**Task item:** An exact transcription is needed, beginning at the line with "este es mi primer" and ending at the last line of the listing, with pictures left out and nothing else added.
*** Begin section ***
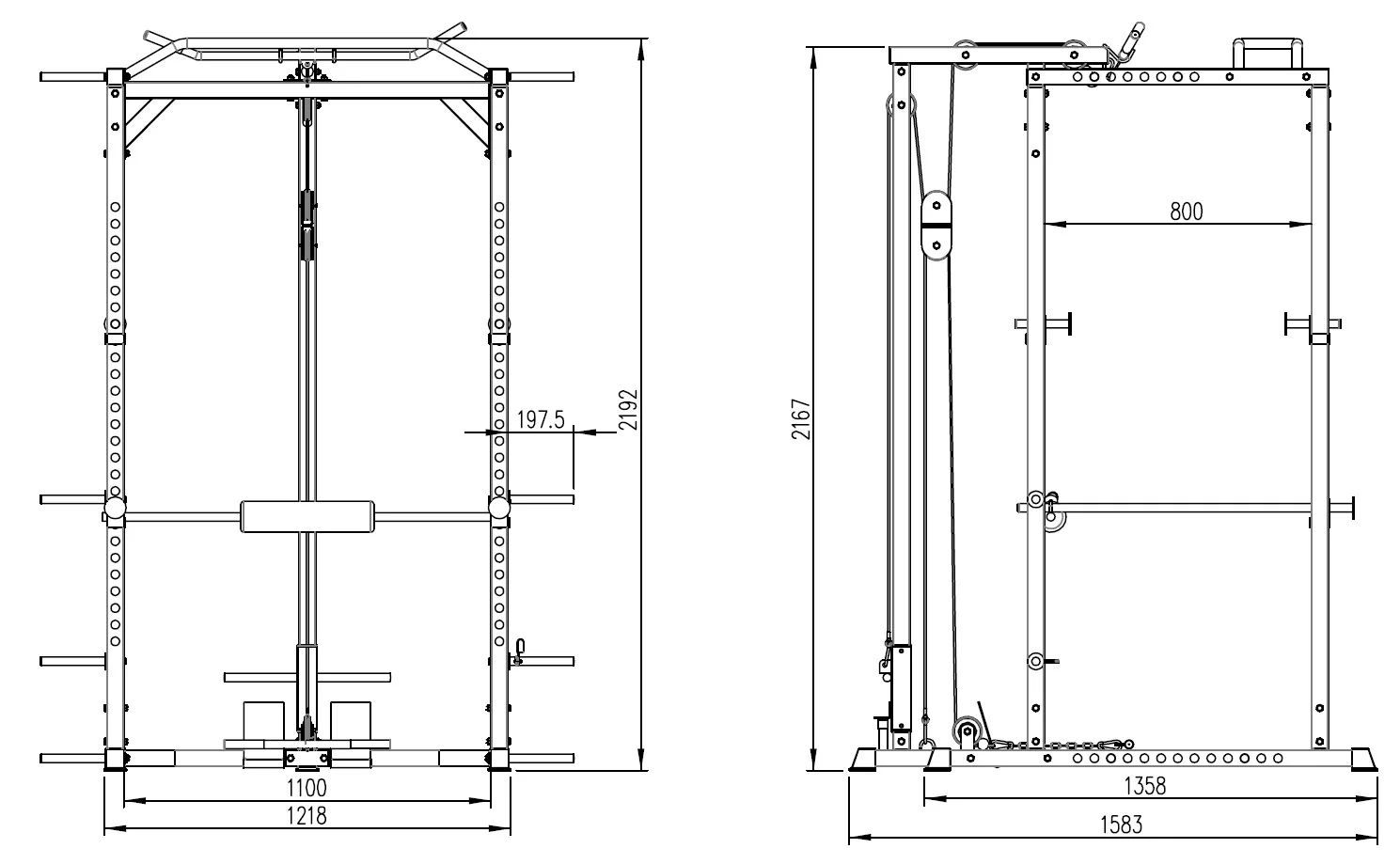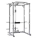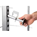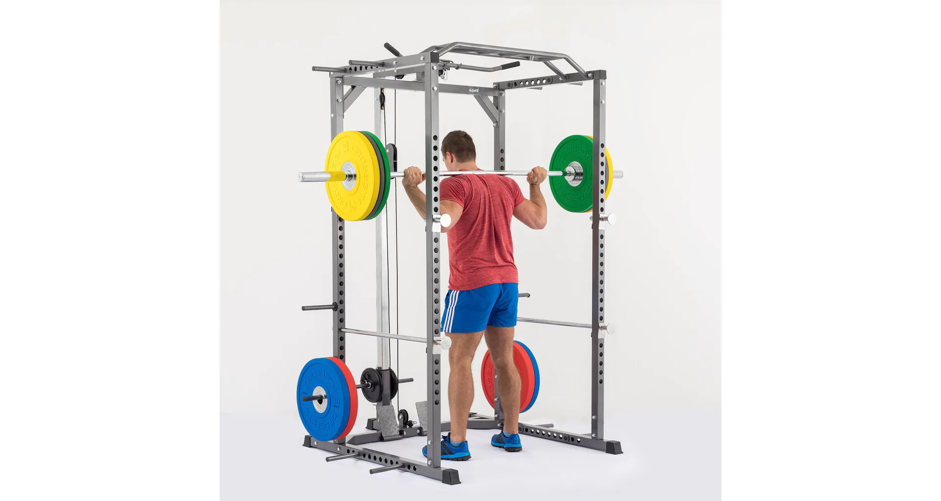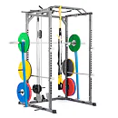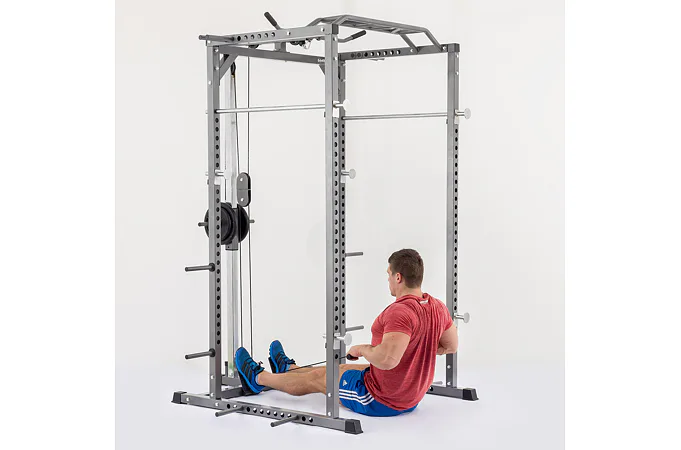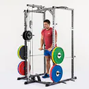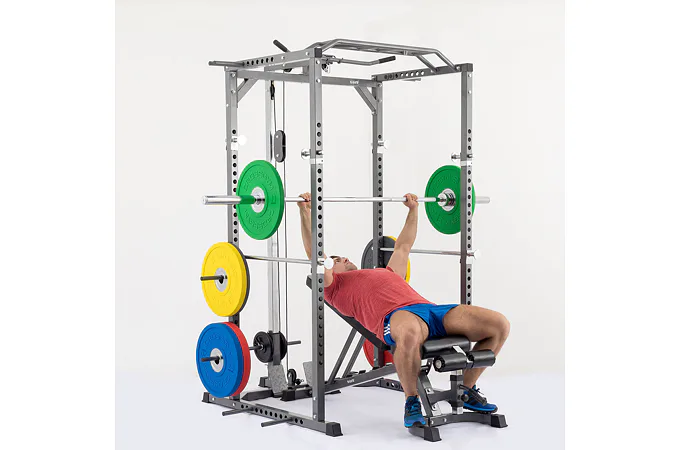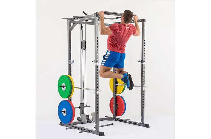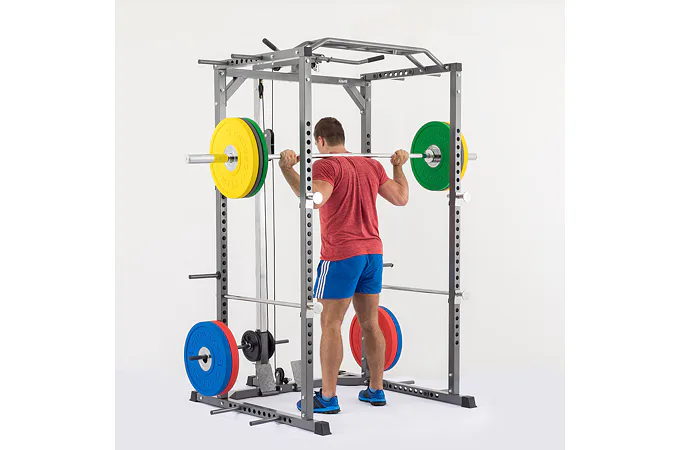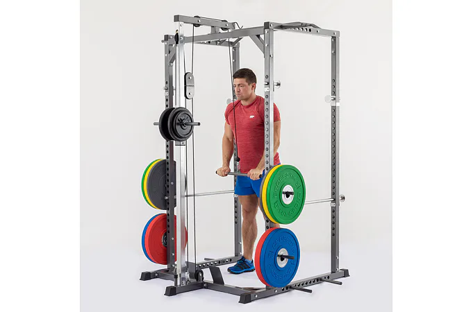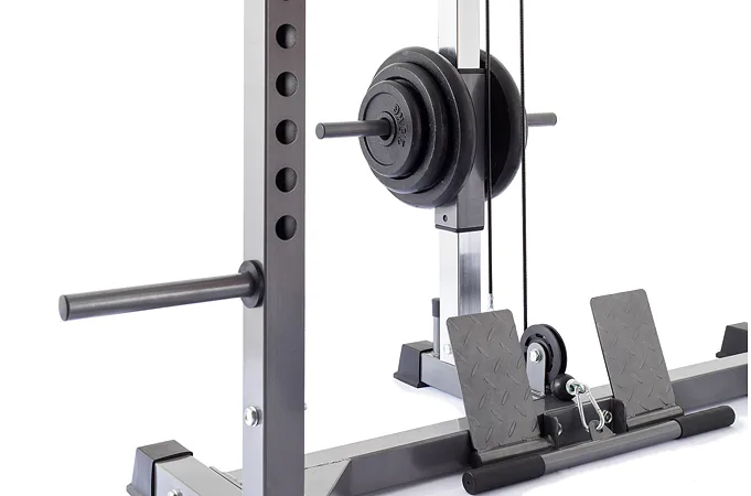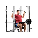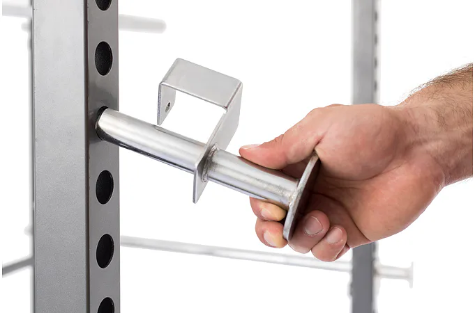 Standardní rozteč jakou znáte od profesionálních stojanů umožňuje pohodlné a komfortní cvičení, optimální úchop a bezpečné odkládání činky i vyšším osobám. Stojan má možnost jednoduchého výškového nastavení háků na činku do 16 pozic a je tedy použitelný pro všechny cviky a všechny výšky postav až do 215 cm. Kromě vlastních odkládacích háků je stroj vybaven i dalšími bezpečnosními odkládacími dorazy na činku pro případ, že ji už nejste schopni činku zvednout, případně tyto dorazy lze využít i jako odkládací plochu např. při cvičení bicepsu a dalších cviků, nemusíte tak činku odkládat na zem. Součástí posilovací klece je i kopletní horní a spodní kladka, včetně konstrukce na zapření nohou u dolní i spodní kladky zvyšující komfort při cvičení a umožňující využití maximálních vah. Výhodou stojanu jsou čtyři odkládací trny na kotouče umístěné na zadní straně stojanu na něž lze kotouče pohodlně odložit a dalších 8 speciálních polohovacích trnů pro použití čím dál více oblíbených odporových gum rozšiřujících využití věže.
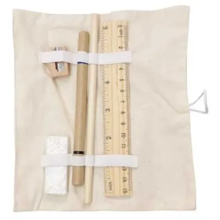 Organiza tus ideas en un estuche que respira conciencia ambiental. Con seis piezas fundamentales, incluyendo regla, lápices y sacapuntas de madera, este set ofrece una experiencia cálida y auténtica. Su cierre con botón asegura que tus implementos estén siempre protegidos con un diseño minimalista y atemporal.
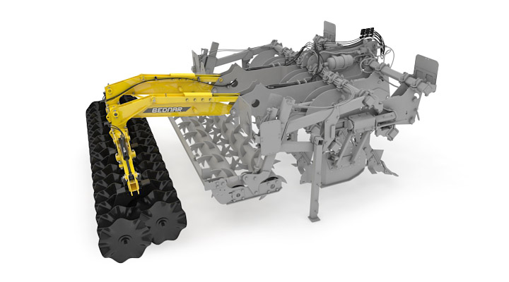 Il dissodatore TERRALAND TN_PROFI è molto compatto durante il trasporto perché la sezione del disco falciante si ripiega idraulicamente sopra il telaio principale della macchina. Un vantaggio di questo design è che il dissodatore TERRALAND TN_PROFI può funzionare anche senza utilizzare la sezione posteriore, ad esempio, in campi estremamente impregnati d’acqua.
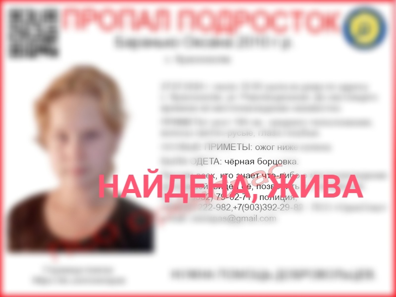 Поисковики просят всех, кто знает что-либо о местонахождении пропавшей, видел её, позвонить по телефонам: 02, +7 (3532) 79-02-71 — полиция, +7(3532) 222-982, +7(903)392-29-82 — ПСО «ОренСпас», e-mail: orenspas@gmail.com.
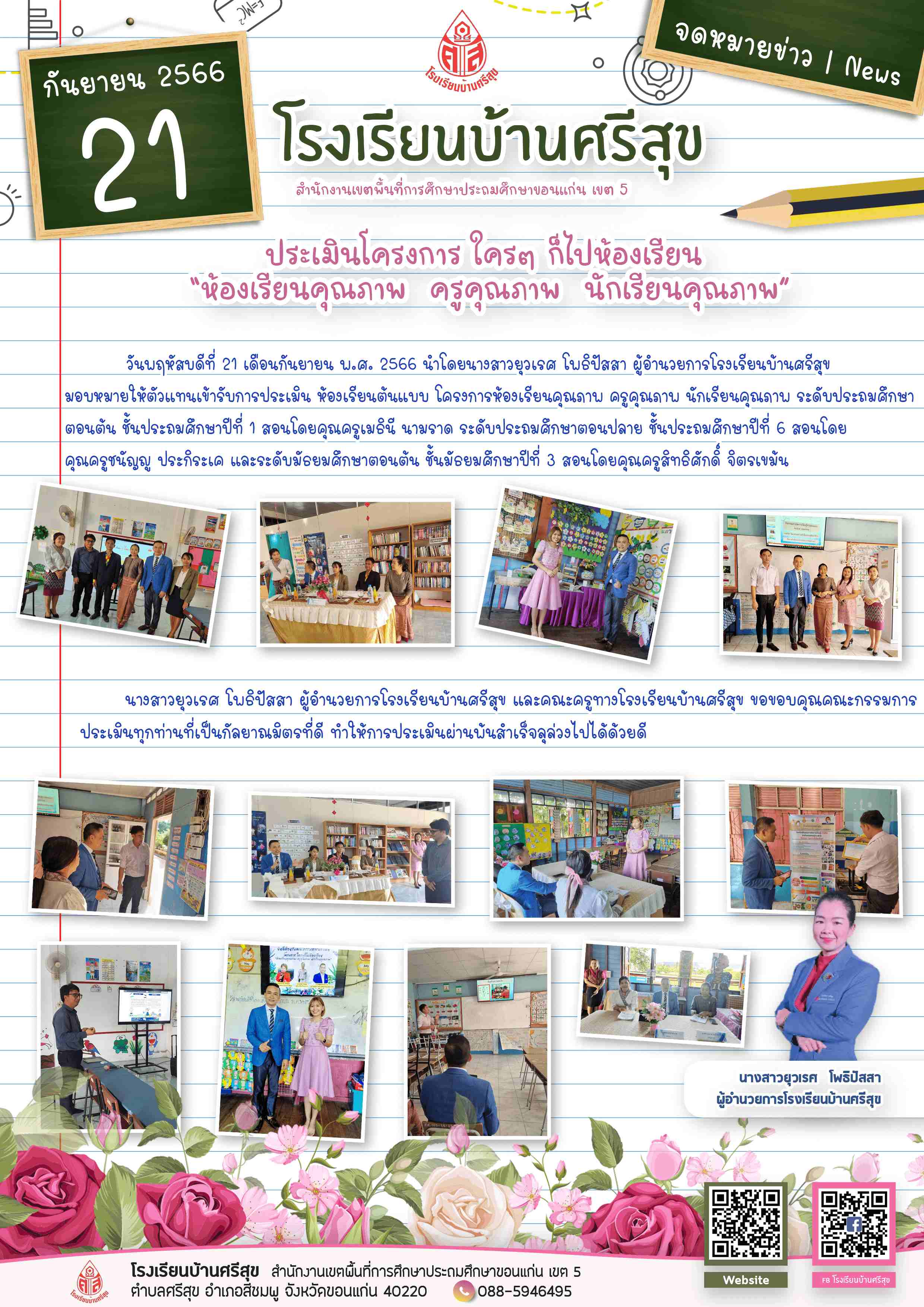 นางสาวยุวเรศ โพธิปัสสา ผู้อำนวยการโรงเรียนบ้านศรีสุข และคณะครูทางโรงเรียนบ้านศรีสุข ขอขอบคุณคณะกรรมการ
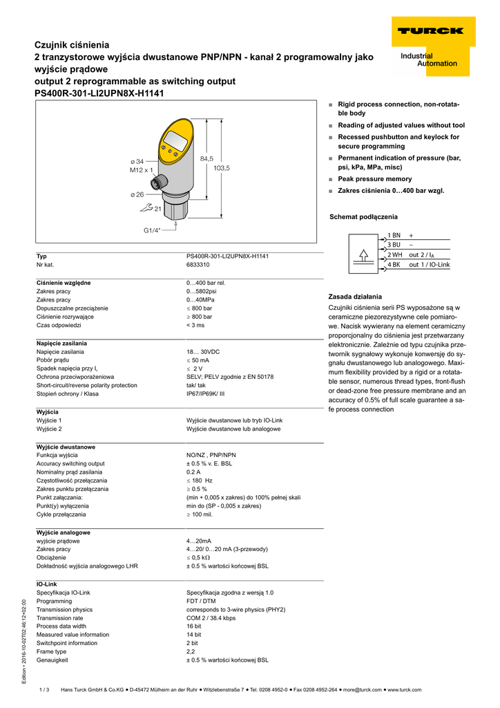 Czujnik ciśnienia 2 tranzystorowe wyjścia dwustanowe PNP/NPN - kanał 2 programowalny jako wyjście prądowe output 2 reprogrammable as switching output PS400R-301-LI2UPN8X-H1141 ■ Rigid process connection, non-rotatable body ■ Reading of adjusted values without tool ■ Recessed pushbutton and keylock for secure programming ■ Permanent indication of pressure (bar, psi, kPa, MPa, misc) ■ Peak pressure memory ■ Zakres ciśnienia 0…400 bar wzgl. Edition • 2016-10-02T02:46:12+02:00 Schemat podłączenia Typ Nr kat. PS400R-301-LI2UPN8X-H1141 6833310 Ciśnienie względne Zakres pracy Zakres pracy Dopuszczalne przeciążenie Ciśnienie rozrywające Czas odpowiedzi 0…400 bar rel. 0…5802psi 0…40MPa ð 800 bar ï 800 bar < 3 ms Napięcie zasilania Napięcie zasilania Pobór prądu Spadek napięcia przy Ie Ochrona przeciwporażeniowa Short-circuit/reverse polarity protection Stopień ochrony / Klasa 18… 30VDC ð 50 mA ð 2V SELV; PELV zgodnie z EN 50178 tak/ tak IP67/IP69K/ III Wyjścia Wyjście 1 Wyjście 2 Wyjście dwustanowe lub tryb IO-Link Wyjście dwustanowe lub analogowe Wyjście dwustanowe Funkcja wyjścia Accuracy switching output Nominalny prąd zasilania Częstotliwość przełączania Zakres punktu przełączania Punkt załączania: Punkt(y) wyłączenia Cykle przełączania NO/NZ , PNP/NPN ± 0.5 % v. E. BSL 0.2 A ð 180 Hz ï 0.5 % (min + 0,005 x zakres) do 100% pełnej skali min do (SP - 0,005 x zakres) ï 100 mil. Wyjście analogowe wyjście prądowe Zakres pracy Obciążenie Dokładność wyjścia analogowego LHR 4…20mA 4…20/ 0…20 mA (3-przewody) ð 0,5 kò ± 0.5 % wartości końcowej BSL IO-Link Specyfikacja IO-Link Programming Transmission physics Transmission rate Process data width Measured value information Switchpoint information Frame type Genauigkeit Specyfikacja zgodna z wersją 1.0 FDT / DTM corresponds to 3-wire physics (PHY2) COM 2 / 38.4 kbps 16 bit 14 bit 2 bit 2,2 ± 0.5 % wartości końcowej BSL 1/3 Zasada działania Czujniki ciśnienia serii PS wyposażone są w ceramiczne piezorezystywne cele pomiarowe. Nacisk wywierany na element ceramiczny proporcjonalny do ciśnienia jest przetwarzany elektronicznie. Zależnie od typu czujnika przetwornik sygnałowy wykonuje konwersję do sygnału dwustanowego lub analogowego. Maximum flexibility provided by a rigid or a rotatable sensor, numerous thread types, front-flush or dead-zone free pressure membrane and an accuracy of 0.5% of full scale guarantee a safe process connection Hans Turck GmbH & Co.KG ñ D-45472 Mülheim an der Ruhr ñ Witzlebenstraße 7 ñ Tel. 0208 4952-0 ñ Fax 0208 4952-264 ñ [email protected] ñ www.turck.com Czujnik ciśnienia 2 tranzystorowe wyjścia dwustanowe PNP/NPN - kanał 2 programowalny jako wyjście prądowe output 2 reprogrammable as switching output PS400R-301-LI2UPN8X-H1141 Warunki temperaturowe Temperatura medium Współczynnik temperaturowy punktu zerowego Tk0 Zakres współczynnika temperaturowego TkS Warunki otoczenia Temperatura pracy Temperatura składowania Odporność na wibracje Shock resistance EMC -40…85 °C ± 0,15 % pełnej skali / 10 K ± 0,15 % pełnej skali / 10 K -40…80 °C -40…+80°C 20 g (9…2000 Hz), zgodnie z IEC 68-2-6 50 g (11 ms) , zgodnie z IEC 61508 EN 61000-4-2 ESD:4 kV CD / 8 kV AD EN 61000-4-3 pasmo HF: 15 V/m EN 61000-4-4 impuls: 2 kV EN 61000-4-5 udar: 1000 V, 42 Ohm EN 61000-4-6 przewód HF: 10 V Obudowa Materiał obudowy Materiał łącza procesowego Materiał przetwornika ciśnienia Materiał uszczelniający Podłączenie procesowe Wrench size pressure connection / coupling nut Połączenie elektryczne Maks. moment dokręcający nakrętki obudowy stal nierdzewna/tworzywo sztuczne, V2A (1,4305) stal nierdzewna A2 1.4305 (AISI 303) Ceramics AI2O3 FPM spez. G ¼″, gwint żeński SW 21 złącze kołnierzowe, M12 x 1 35 Nm Warunki odniesienia zgodne z IEC 61298-1 temperatura Ciśnienie atmosferyczne Wilgotność Zasilanie pomocnicze 15…25 °C 860…1060 hPa bezwzgl. 45…75 % wzgl. 24 VDC Wyświetlacz Jednostka wyświetlacza 4-cyfrowy 7-segmentowy wyświetlacz, możliwość obrotu o 180°, rozłączany 2 x LED żółta Początek/koniec zakresu wyjścia analogowego; punkty załączenia/wyłączenia; PNP/NPN; styki NO/ NZ; histereza/tryb okna; filtr; jednostka ciśnienia; pamięć wartości szczytowej ciśnienia 5 zielonych diod LED (bar, psi, kPa, MPa, misc) MTTF 242 zgodnie z SN 29500 (Ed. 99) 40 °C Edition • 2016-10-02T02:46:12+02:00 Wskaźnik stanu przełączenia Wartość pomiarowa/programowanie 2/3 Hans Turck GmbH & Co.KG ñ D-45472 Mülheim an der Ruhr ñ Witzlebenstraße 7 ñ Tel. 0208 4952-0 ñ Fax 0208 4952-264 ñ [email protected] ñ www.turck.com Czujnik ciśnienia 2 tranzystorowe wyjścia dwustanowe PNP/NPN - kanał 2 programowalny jako wyjście prądowe output 2 reprogrammable as switching output PS400R-301-LI2UPN8X-H1141 Akcesoria montażowe Nr kat. PTS-Cover 6907410 Rysunek wymiarowy Osłona ochronna Edition • 2016-10-02T02:46:12+02:00 Typ 3/3 Hans Turck GmbH & Co.KG ñ D-45472 Mülheim an der Ruhr ñ Witzlebenstraße 7 ñ Tel. 0208 4952-0 ñ Fax 0208 4952-264 ñ [email protected] ñ www.turck.com
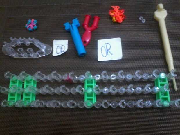 este es mi primer instructable diciéndote cómo hacer una pulsera de telar del arco iris triple.Paso 1: fuentes de Usted tendrá tablero de telar del arco iris, bandas y el gancho.Paso 2: Tres filas de bandas Poner tres filas en el telar como mostré ar
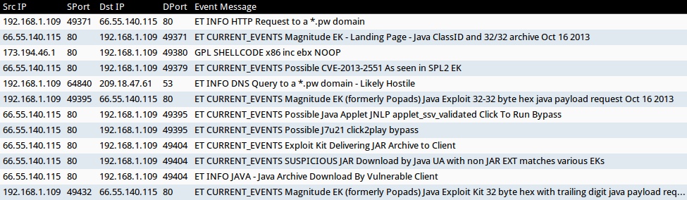 For this infection, Security Onion was used to monitor a physical host running an unpatched, 64-bit version of Windows 7 with Java 7 update 4 running IE 10. The infection traffic generated the following events in Sguil:
*** End section ***
**Answer area:**
 este es mi primer instructable diciéndote cómo hacer una pulsera de telar del arco iris triple.Paso 1: fuentes de Usted tendrá tablero de telar del arco iris, bandas y el gancho.Paso 2: Tres filas de bandas Poner tres filas en el telar como mostré ar
 For this infection, Security Onion was used to monitor a physical host running an unpatched, 64-bit version of Windows 7 with Java 7 update 4 running IE 10. The infection traffic generated the following events in Sguil:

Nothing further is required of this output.